UAE laws on corporate governance are insufficient to deal with business realities and are deterring foreign investment, said Omar bin Sulaiman, director-general of Dubai International Financial Centre (DIFC). ‘There’s a lot of cash around but we’ve not even scratched the surface of foreign direct investment [FDI]. The FDI we all look forward to attracting may never touch our shores,’ he said in remarks delivered to the seminar on his behalf. FDI in the UAE stood at $9,000 million in 2004, according to the Economy & Planning Ministry. ‘Our potential remains under-leveraged and under-utilised The cash-rich Gulf has not produced one bank among the top global 100.’ Bin Sulaiman said long-term growth requires increased transparency, state-of-the-art IT, skilled human capital, knowledge transfer and integration into the global economy, as well as the adoption of global standards.

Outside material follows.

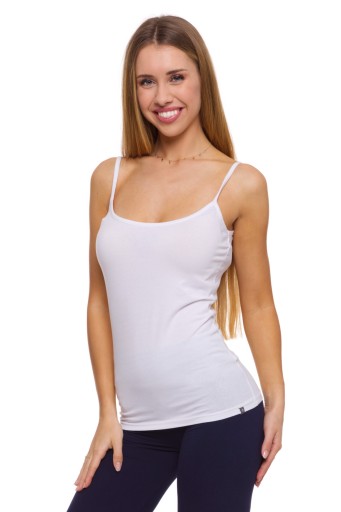 Wykonany z najwyższej jakości bawełny z dodatkiem elastanu, ten tank-top zapewnia uczucie delikatności na skórze, co sprawia, że noszenie go to czysta przyjemność. Ramiączka dodają mu subtelności i lekkości, tworząc efektowny akcent, który podkreśla wyjątkowy urok każdej kobiety. Krój podkoszulka jest regularny, lekko dopasowany, co gwarantuje swobodę ruchów, a jednocześnie delikatnie podkreśla kobiecą sylwetkę.

Most corporate governance regulations are obsolete and the process of changing the law is moving very slowly, Bin Sulaiman added. However, DIFC regulatory body Dubai Financial Services Authority (DFSA) has enshrined corporate governance rules in its markets law and the Abu Dhabi Securities Market has drafted a code of best practice for voluntary compliance by companies listed on the exchange. Internationally accepted standards are central to the ambition of the financial markets,’ said DFSA chairman Habib al-Mulla. ‘We need to build a truly international capital market, not a discredited offshore market for tax evasion.’